Styl i duch ówczesnego seminarium dawały nam bardzo wiele do myślenia. Pojawiło się
Concilium, potem zaś Communio. Organizowane były sympozja teologiczno-naukowe,
wymienić należy choćby publikację książki, takiej jak: Ewangelia miłosierdzia.
Zorganizowane zostały punkty ATK w Ołtarzewie, a więc troska o nasze akademickie
wykształcenie bardzo leżała na sercu naszym wychowawcom.W wakacje często odbywały
się w seminarium rekolekcje dla Unii Misyjnej kleru – takie spotkania z kapłanami
modlącymi się za misje budziły wiele radości. Jaka więc była nasza duchowość misyjna w
tym czasie? Czym żyliśmy jako świat akademicki w Ołtarzewie?
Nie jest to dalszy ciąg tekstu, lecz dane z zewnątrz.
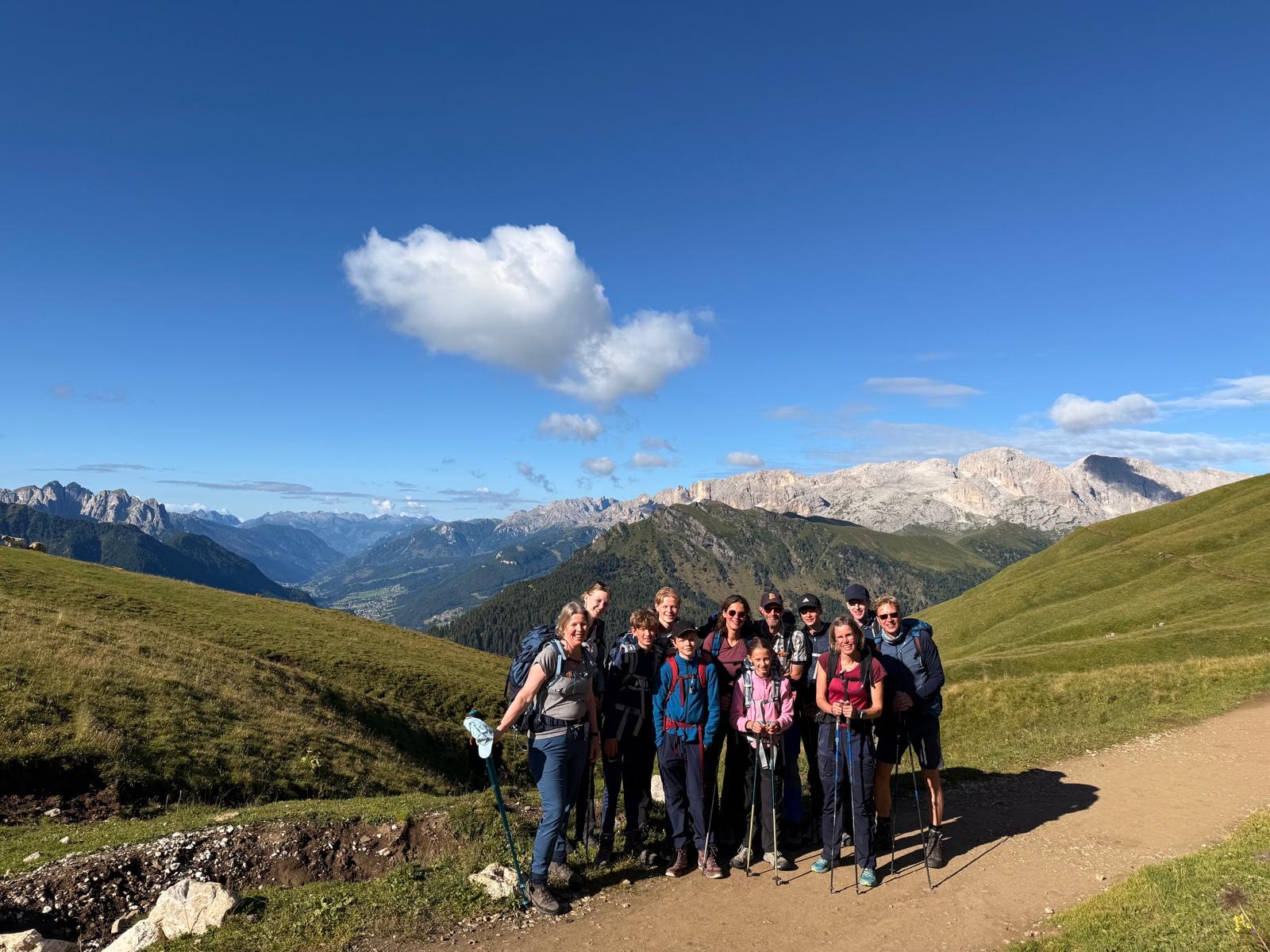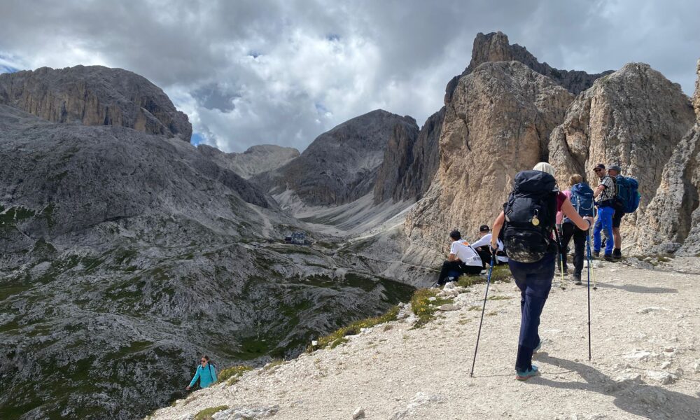 Waarom dóen we dit? Vanochtend zitten we allemaal met dikke ogen stilzwijgend aan het ontbijt. Er staat een klim op de planning waar we allemaal als een berg tegenop zien. In het begin nog niet; we krijgen tijd om rustig wakker te worden op de ‘Friedrich August Weg’, om daarna onze weg te vervolgen langs het Sassolungo Massief. De dag eindigt echter met een klim vanaf de Val Duron op 1850 meter, naar onze accommodatie, drie kilometer verderop gelegen op 2497 meter hoogte. In de klim zitten stijgingspercentages van 36%! Een deel van onze bagage thuis laten zoals gister, zit er ook niet meer in. We slapen elders, dus alles moet mee. We laten ons het ontbijt goed smaken; als we ooit de energie goed konden gebruiken, was het vandaag wel!

Wspomniane otwarcie się
naszego seminarium na ducha misyjnego w ramach Konferencji Episkopatu czy w ramach
uczelni katolickich, jest dowodem wielkiego ducha naszych przełożonych tamtego okresu.
Czym Kościół wtedy żył? Czy tylko synodem z Ewangelii Nuntiandi z 1975 roku? Jeśli ta
adhortacja była standardowa, to była ona owocem Ad gentes po 10 letniej refleksji.